Assos and V'asbos: A Taste of the Northern Aegean's Next Great Wine Country
- Murat Örnek

- 4 hours ago
- 3 min read
Some places you visit once and check off the list. Others pull you back, year after year, for reasons you can't fully explain until you're standing there again. Assos is the second kind, a small corner of Türkiye's Northern Aegean that never seems to run out of good reasons to return, and this time, one of those reasons has a name: V'asbos.

There's a particular kind of June heat that settles over Türkiye's southern coast this time of year, and it's exactly the reason I find myself driving north to Assos. The Northern Aegean has a way of making every visitor feel like they've stumbled onto something special, a sea so blue it looks retouched, forests layered in a dozen shades of green, and a cool breeze that never quite stops. Since school is still in session, the crowds haven't arrived yet, and the region feels wonderfully unhurried.
Assos sits about an hour and fifteen minutes from Çanakkale, the nearest mid-sized city, and roughly four hours from Istanbul. That distance is doing a lot of work. It's exactly what keeps Assos out of reach of mass tourism.

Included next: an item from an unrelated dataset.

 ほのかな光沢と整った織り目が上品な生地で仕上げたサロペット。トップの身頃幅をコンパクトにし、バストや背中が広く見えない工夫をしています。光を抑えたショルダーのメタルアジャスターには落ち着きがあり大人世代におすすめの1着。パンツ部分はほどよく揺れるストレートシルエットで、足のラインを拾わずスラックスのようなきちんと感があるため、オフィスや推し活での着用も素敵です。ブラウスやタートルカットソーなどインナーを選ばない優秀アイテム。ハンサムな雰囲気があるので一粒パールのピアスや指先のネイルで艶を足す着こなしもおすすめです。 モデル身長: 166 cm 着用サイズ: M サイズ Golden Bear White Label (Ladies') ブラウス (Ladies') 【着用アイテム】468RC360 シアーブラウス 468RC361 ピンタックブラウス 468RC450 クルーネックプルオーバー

If you're wondering why (or how) to visit, here's my honest answer: for me, Assos is a non-negotiable stop on the road trips we run between Istanbul and Izmir, the ones that string together ancient wonders like Troy, Pergamon, and Ephesus. Between the ancient harbor, the Temple of Athena perched on the hilltop, and the streets where Aristotle himself is said to have once walked, Assos is the kind of place that's genuinely hard to put a price on.

Dinner at V'asbos
This particular trip was about visiting Marat and Hande, two friends of mine who work in tourism and have made this region their home. One evening, they take me to a restaurant called V'asbos, though calling it "just a restaurant" undersells it. It's really a small, ambitious operation that houses both a wine label of the same name and a beautifully designed restaurant. The architecture leans refreshingly avant-garde, yet it settles into the surrounding landscape and topography in a way that feels completely intentional.

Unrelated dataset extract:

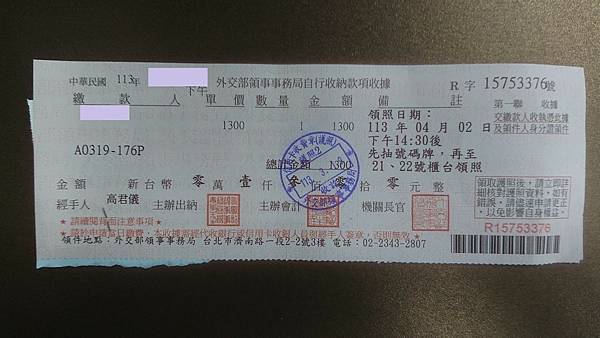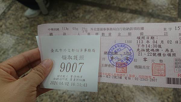 繳費後的收據上會蓋藍色戳印,也印有領件日期,領件日要帶身分證和收據來領護照。

By the time I arrived, it was already dinner hour, so I didn't get the deep dive into the winery I was hoping for, and this is exactly why I already know I need to come back and give it the time it deserves. But even from what I saw, it's clear the team behind V'asbos has drawn a real parallel between this stretch of the Northern Aegean and France's Rhône Valley in terms of terroir. They're building their reds around Grenache and Syrah, and the results are excellent. According to what I heard over dinner, a white wine is also in the works.
We sit down in the restaurant's garden just as a cool June evening slides into sunset, and the view is honestly a little disorienting in the best way: a green sea of olive groves and forest rolling out in front of you, the hill holding the ancient city of Assos just beyond it, the blue Aegean past that, and the island of Lesbos on the horizon. I catch myself just staring at it for several minutes, completely zoned out. The closest thing to meditation I've hit in a while…
All that fresh air apparently works up an appetite, because we dig into a compact, thoughtfully put-together menu designed by Chef Mehmet Ali Börtücene, a friend from my hometown of Antalya. We end up trying almost everything, and honestly, all of it delivers. My personal favorites: a mushroom pizza with a genuinely great crust and local cheese, and a grilled sea bass with chimichurri and romesco that hit the spot for the Latin-American side of my palate in particular.
V'asbos isn't just a good meal with a nice view, it's the kind of place that quietly convinces you to rearrange your travel plans. Give it a few more harvests, and I suspect people won't be coming to Assos just for the ruins anymore. They'll be coming for V'asbos, too.